"Nettoyage" idéologique au sein de l'administration, décisions controversées affectant les minorités, choc libéral en vue pour l'économie: ceux qui réclamaient un changement radical pour la première puissance d'Amérique latine ont été servis.
Jair Bolsonaro, 63 ans, avait annoncé la couleur mardi lors de son discours d'investiture, promettant de "rétablir l'ordre" et de "libérer le peuple du socialisme et du politiquement correct".
Il n'a pas tardé à passer aux actes: dès le soir de son investiture, une ordonnance polémique mettait la démarcation de terres réservées aux tribus autochtones sous la responsabilité du ministère de l'Agriculture.
Une façon, selon ses détracteurs, de livrer les territoires ancestraux des Indiens du Brésil à l'appétit vorace de l'agro-négoce, dont l'influent lobby parlementaire a promis de soutenir le gouvernement au Congrès et a obtenu la nomination de sa cheffe de file comme ministre de l'Agriculture, Tereza Cristina.
"Nouvelle ère"
Mercredi, au lendemain de l'investiture du président, ses 22 ministres ont pris leurs fonctions, déterminés à se lancer dans une croisade contre la criminalité, la corruption et les idéologies progressistes.
"Je crois aux desseins de Dieu, qui a réuni cette équipe, a levé une armée", a affirmé Damares Alves, l'une des deux seules femmes du gouvernement, lors de son intronisation comme ministre de la Femme, de la Famille et des Droits de l'Homme.
Cette femme pasteur évangélique a suscité une avalanche de railleries sur les réseaux sociaux en affirmant que le Brésil entrait dans une "nouvelle ère" où "les garçons s'habillent en bleu et les filles en rose".
Le "nettoyage" idéologique annoncé prévoit le limogeage de tous les contractuels de l'administration publique qui ne seraient pas alignés sur la ligne officielle.
"On a l'impression que les membres du gouvernement ne savent pas quels sont les problèmes les plus sérieux du Brésil.
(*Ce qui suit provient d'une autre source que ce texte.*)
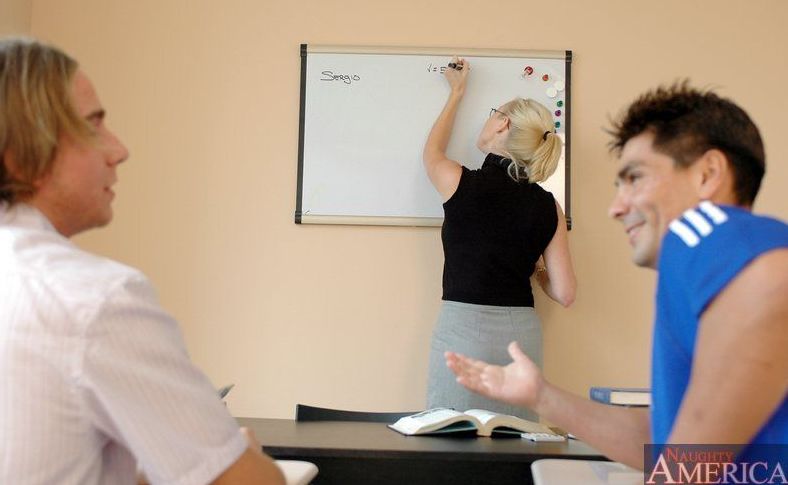 Sexy blonde teacher Adrianna Nicole taking cocks from two horny young students.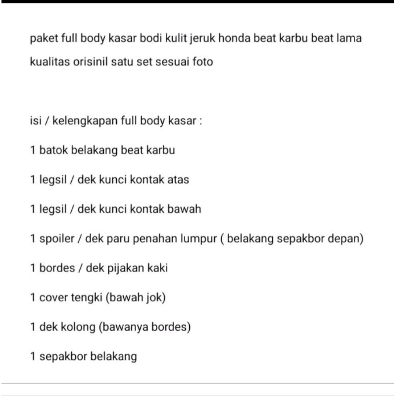 Paket Full Body Kasar Honda Beat Karbu Lama Old 2008 2009 2010 2012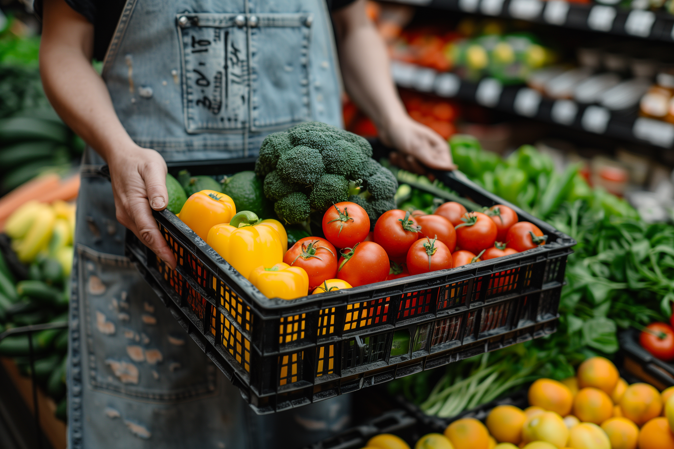 Das Foto zeigt eine Auswahl an frischem Bio-Gemüse und -Obst, die in Kisten auf den Regalen eines Supermarkts präsentiert werden. Die Kisten sind mit verschiedenfarbigem Gemüse wie Tomaten, Paprika, Brokkoli und grünem Salat gefüllt, was einen lebendigen und appetitlichen Eindruck vermittelt.
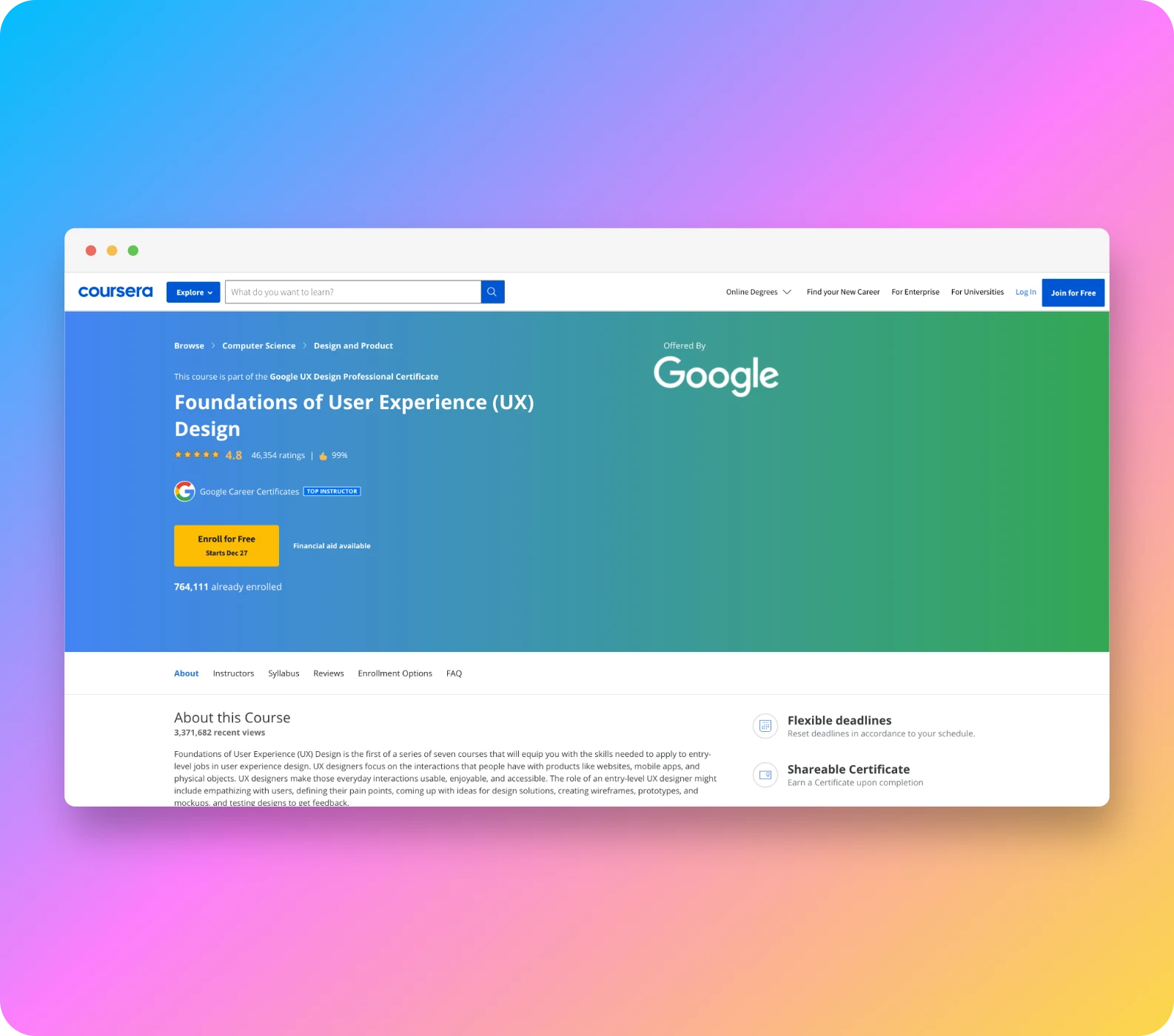 Foundations of User Experience (UX) Design is the first of seven courses to equip you with the skills needed to apply to entry-level jobs in user experience design. UX designers focus on people's interactions with products like websites, mobile apps, and physical objects. Start learning the course for free on Coursera.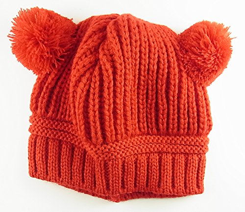 KUMBAYA ベビーニット帽 ニット帽 ダブル ボンボン キッズ ニット 男女兼用 (レッド)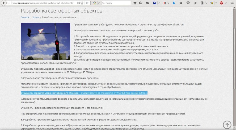 Также на сайтах специализированных предприятий можно найти информацию о том, что 150 000 грн. — это минимальная стоимость строительства светофорного объекта.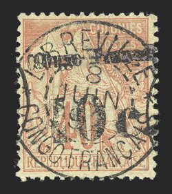 357 og Yvert #6 ImageYvert #6, 1891-92 "COngo Francais/10 C." Surcharge on 40c Red on straw, fresh color, disturbed o.g., h.r., fine and rare; while 1,000 stamps were surcharged most were used as postage; signed A. Brun, Calves and Senf (Scott #9; $2,400.00). (Image) €3,200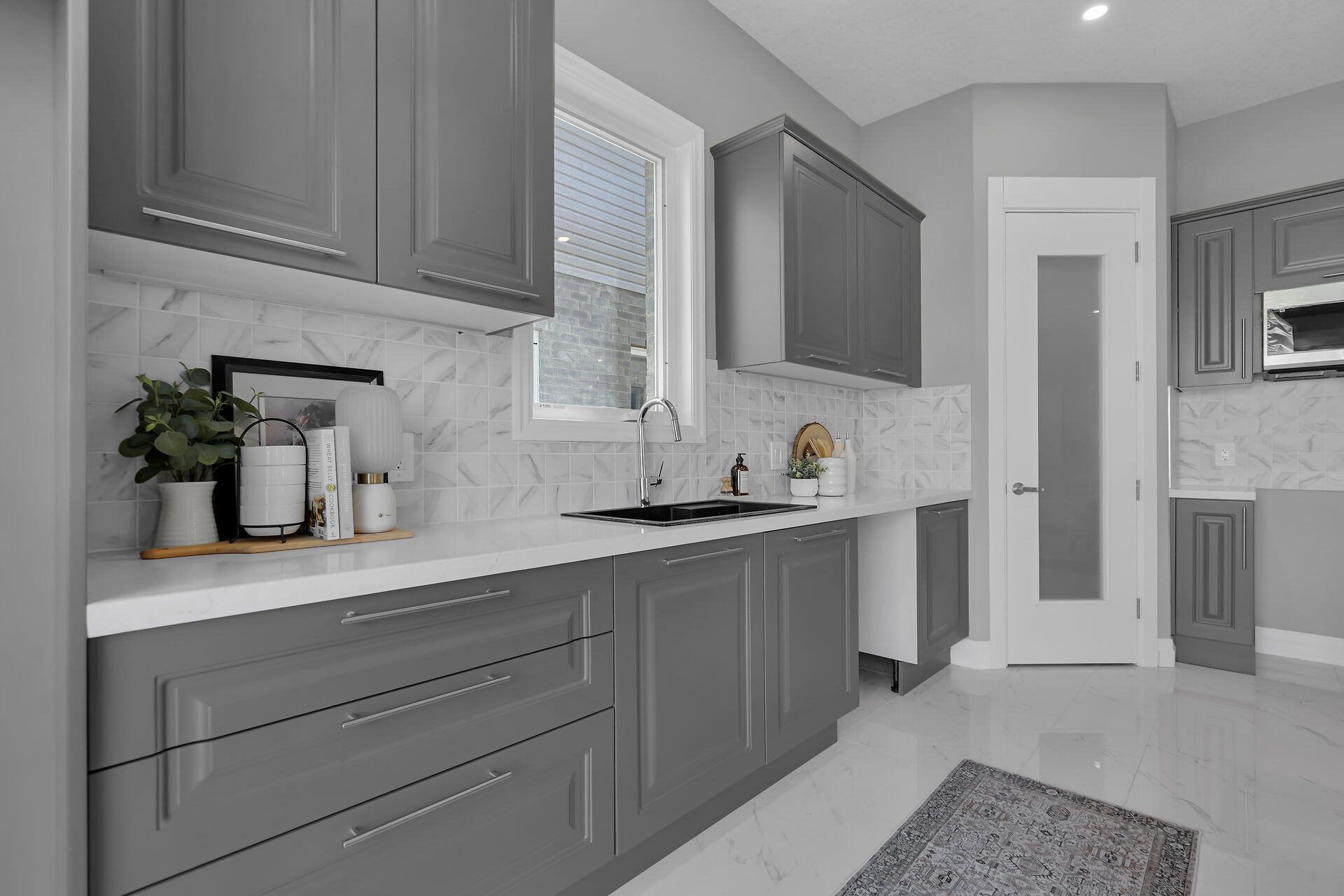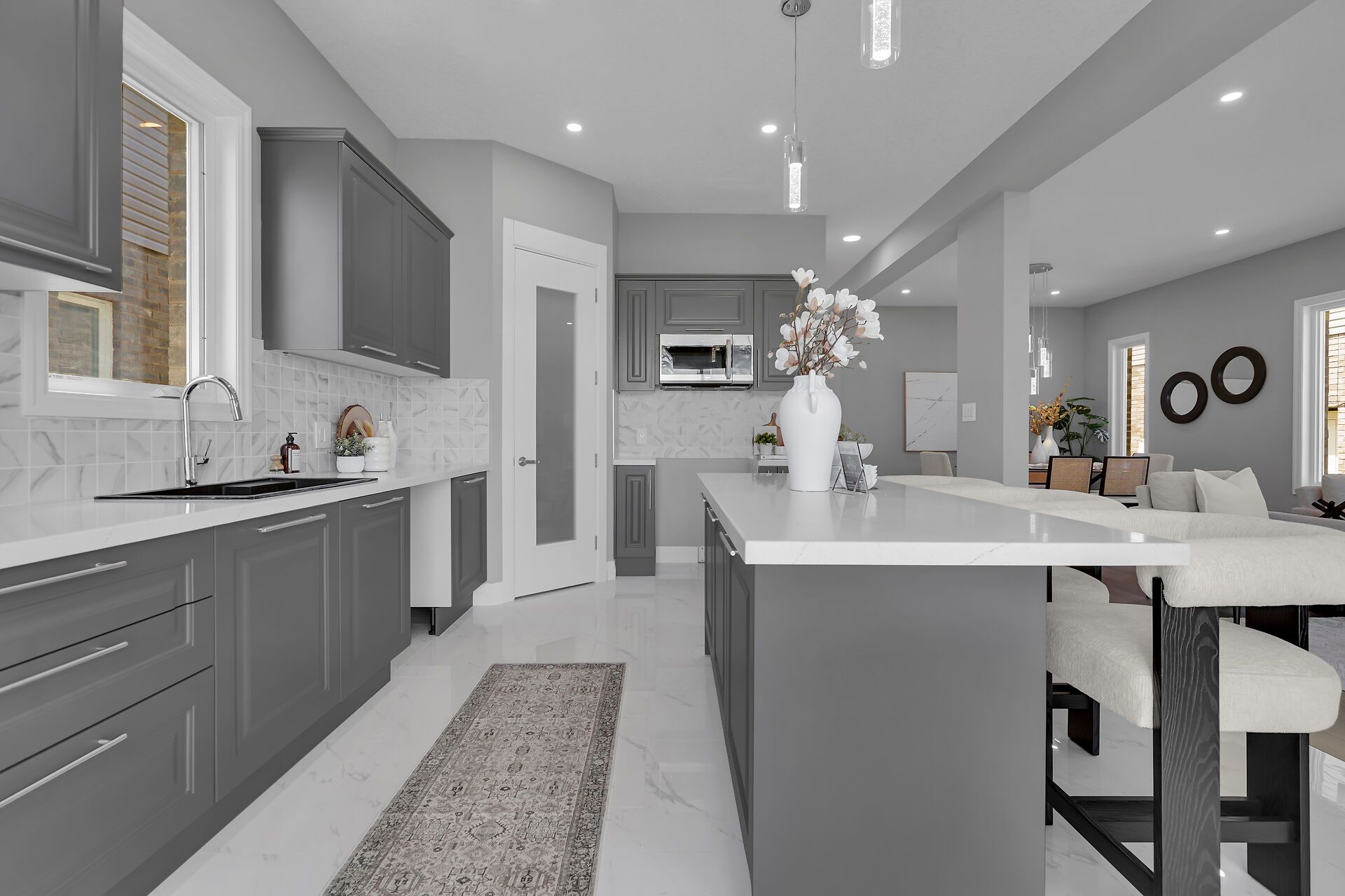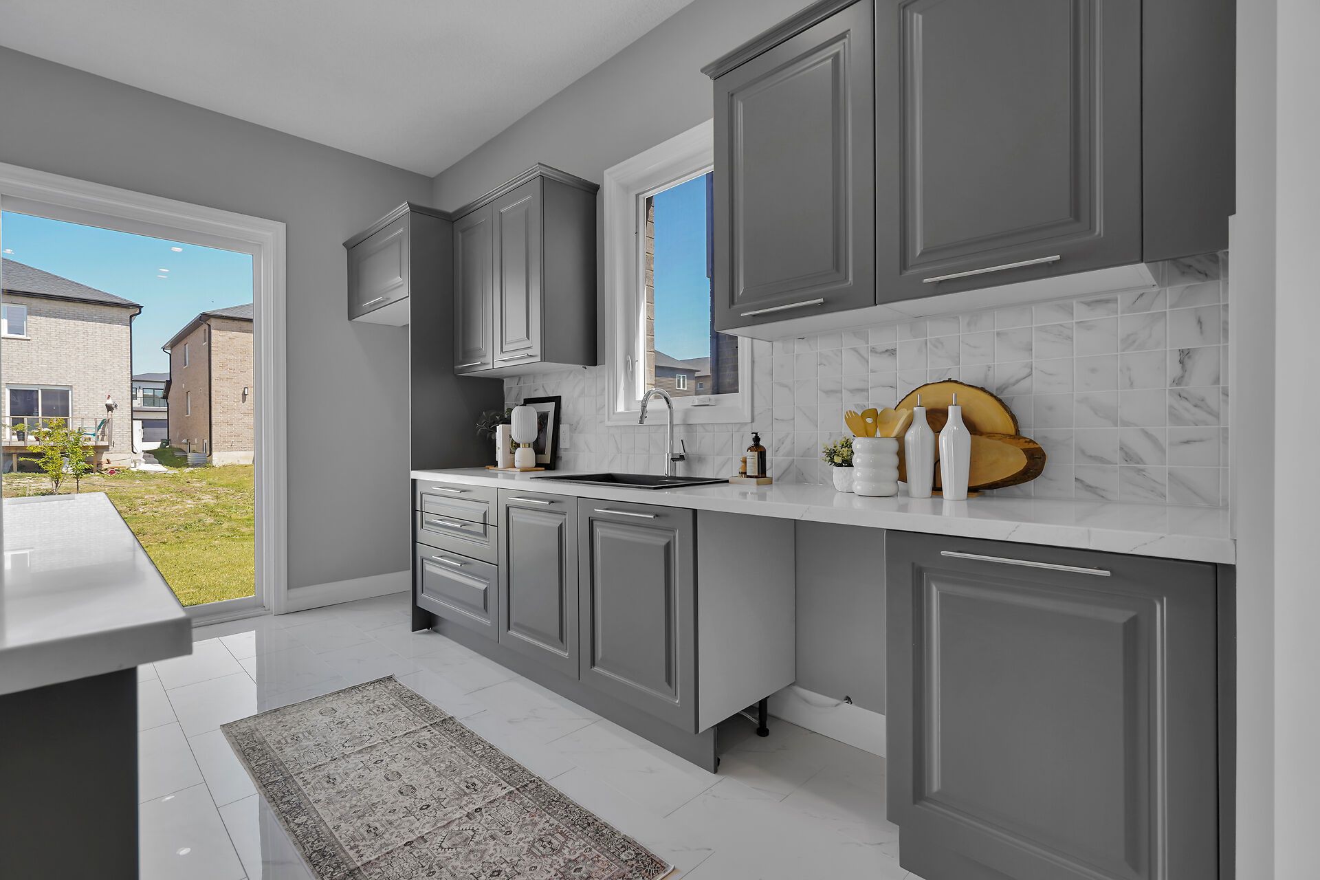 • Upgraded kitchen with quartz countertops and walk-in pantry.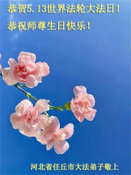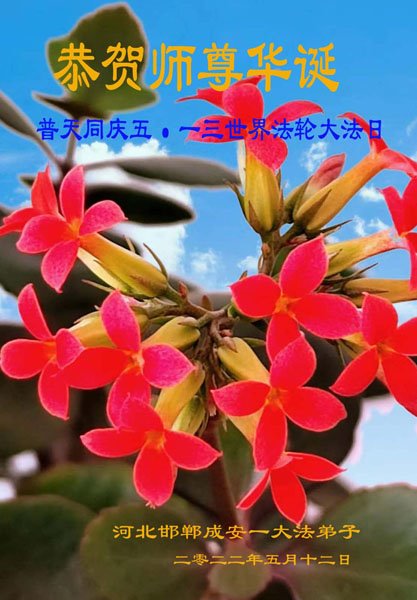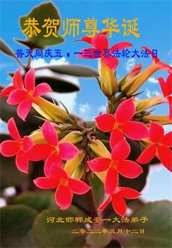 师父您好: 风雨坎坷中,我们迎来又一个法轮大法日,我们会在大法的历炼和师父的保护下更加坚定,跟随师父走好最后的路,请师父放心! 河北省平乡县全体大法弟子 二零二二年五月十二日 河北省邢台市平乡县一大法弟子恭祝师父生日快乐!恭贺世界法轮大法日!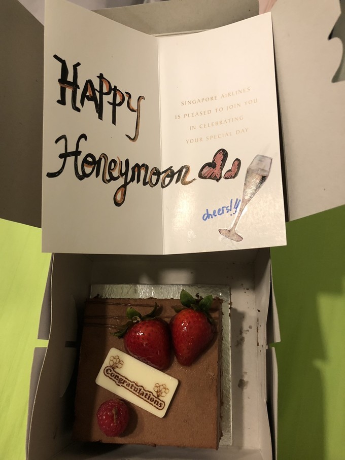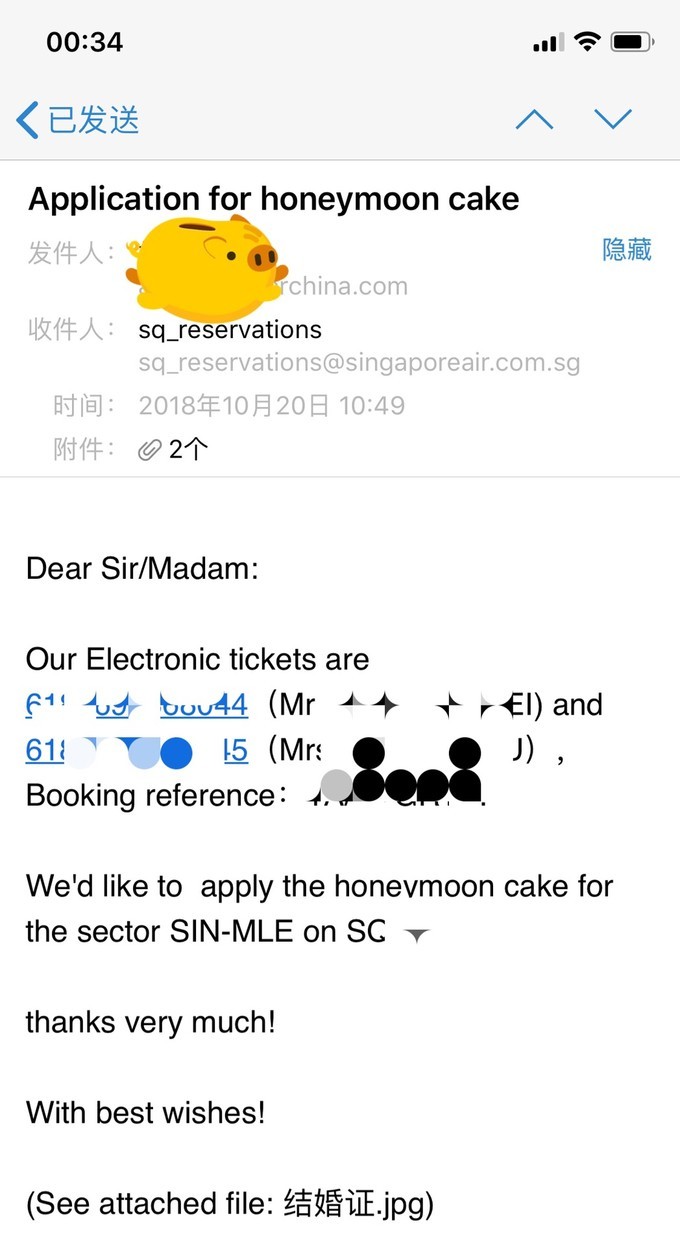 (一)申请蜜月蛋糕。 重庆 飞麻袋是先胜安航空到 新加坡 ,再转机新航到 马累 。如果是代理订的机票就找代理帮忙申请就行,由于我们是自己在去哪儿订的机票,蜜月蛋糕就发邮件申请了。附上收件箱和内容模板供参考,新航效率高,几个工作日就回复确定了。到了飞机上也不用再提示,空姐就 会安排好蜜月蛋糕,在 新加坡 飞 马累 这段送上来,味道很棒。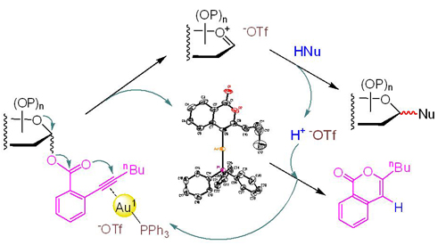 近来,上海有机所生命有机化学国家重点实验室俞飚课题组发展了新一代的糖苷化反应:以糖基邻炔基苯甲酸酯为给体的一价金催化的糖苷化反应。使用该反应他们完成了一系列活性寡糖和糖缀合物的高效合成,如四糖抗生素TMG-chitotrimycin(J. Am. Chem. Soc., 2009, 131, 12076-12077)。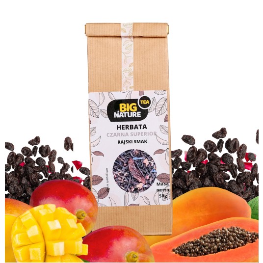 Poczuj odrobinę raju w czarnej herbacie Rajski Smak. Dodatek mango oraz papai nadaje naparowi zarówno egzotyczny zapach, jak i smak. Podczas transportu herbaty w XVIII wieku, ładunek z liśćmi zielonej herbaty został zalany wodą i sfermentował. Pomimo tego, Anglicy zdecydowali się wysuszyć liście i sprzedawać jako nowy gatunek, aby nie utracić całego zbioru. W ten sposób powstała wyjątkowa - czarna herbata.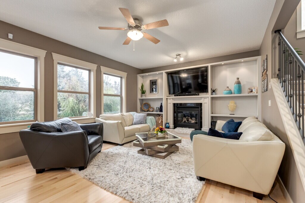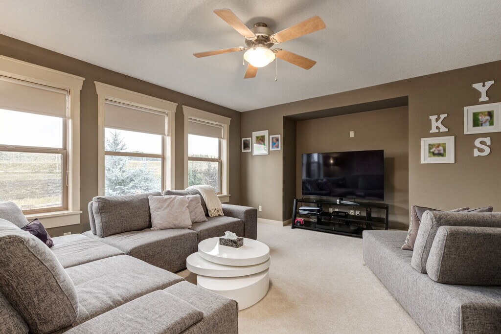 * Beautiful spacious home with large landscaped yard with secluded fire pit. * Enjoy serene living on front porch * Spacious kitchen with centre island, nook, large pantry and stainless steel appliances. * Large family room, built in shelving with gas fireplace * Large bonus room on upper floor * Spacious primary bedroom with large walk in closet * 4 piece ensuite * 2 good size bedrooms on upper floor * 4 piece main main bath with laundry room * Family room in basement with loads of storage and a 2 piece bathroom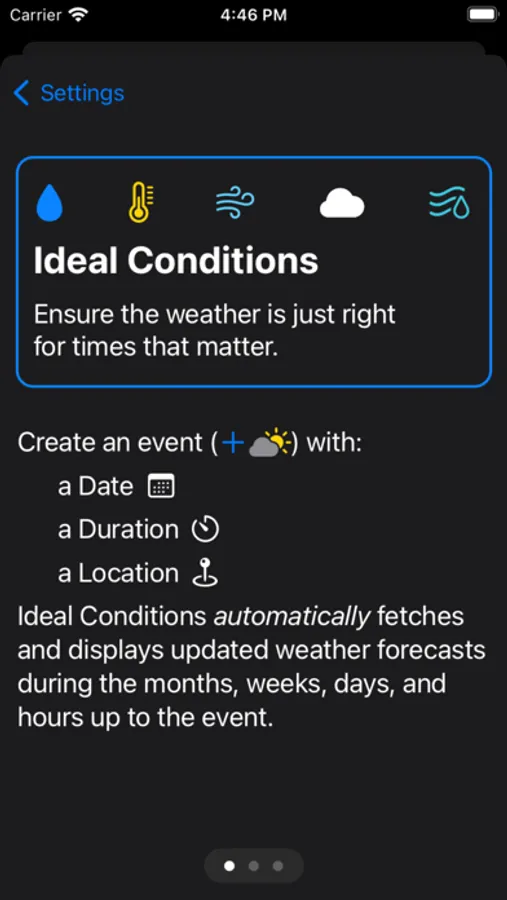 Create an event with a name, date, duration, and forecast location. Ideal Conditions then fetches and displays updated weather forecasts for the months, weeks, days, and hours up to the event. For a distant event date, historical weather displays until the event's date is within forecast range, and then forecast updates begin. Optionally, set a weather filter to see where desired weather conditions have been exceeded.

Et quand ils touchent à des questions importantes, leurs réponses sont très simplistes", estime Maria Herminia Tavares de Almeida, politologue de l'Université de Sao Paulo (USP).
Autre mesure polémique cette semaine: une ordonnance qui stipule que le gouvernement pourra "superviser, coordonner, surveiller" les ONG.
De quoi susciter l'inquiétude des nombreuses associations de défense des droits de l'homme qui avaient averti dès la campagne électorale des risques pour la démocratie de l'arrivée au pouvoir d'un nostalgique de la dictature militaire (1964-1985).
"Lune de miel"
En revanche, les milieux d'affaires ont salué avec euphorie le discours d'intronisation du nouveau ministre de l'Économie Paulo Guedes, gourou ultra-libéral de Jair Bolsonaro. Ses priorités: réforme des retraites, réforme fiscale et privatisations.
Pour lui, la réforme des retraites est le "premier et plus grand défi" du gouvernement, qui garantira "dix ans de croissance soutenue" si elle est approuvée "en deux ou trois mois".
Elle est cruciale pour réduire la dette gigantesque du Brésil, le système de répartition étant très généreux dans un pays de 210 millions d'habitants qui vieillit.
La Bourse de Sao Paulo s'est envolée, pour la première fois au-dessus des 90.000 points. Le réal s'est fortement apprécié face au dollar.
Mais la Bourse a terminé la semaine étale, signe d'une inquiétude diffuse après des propos de Bolsonaro notamment sur une réforme des retraites qui serait moins ambitieuse qu'espéré. Et "nous ne sommes toujours pas certains que M. Bolsonaro (...) sera capable de faire approuver une réforme crédible par un Congrès très atomisé", notent les consultants d'Eurasia.
"Pour l'instant, c'est la lune de miel avec le président", explique André César, du cabinet de consultants Hold. Mais "le marché est parfois bipolaire. L'euphorie d'aujourd'hui peut se transformer en dépression demain".
L'investiture de M. Bolsonaro a également été l'occasion de valider une vision de la politique extérieure totalement alignée sur celle des Etats-Unis de Donald Trump. Le secrétaire d'Etat américain Mike Pompeo, venu à Brasilia pour l'investiture, s'est félicité de l'"opportunité de créer une relation réellement transformée" avec Brasilia.
Le Premier ministre israélien Benjamin Netanyahu a parlé d'une "nouvelle fraternité", ravi que Jair Bolsonaro ait l'intention de suivre les pas de M. Trump en transférant l'ambassade du Brésil de Tel Aviv à Jérusalem.
Le nouveau ministre des Affaires Étrangères, Ernesto Araujo, a remporté la palme de l'excentricité en promettant d'"inverser la mondialisation et la repousser vers son point de départ" dans un discours émaillé de citations en grec et tupi-guarani.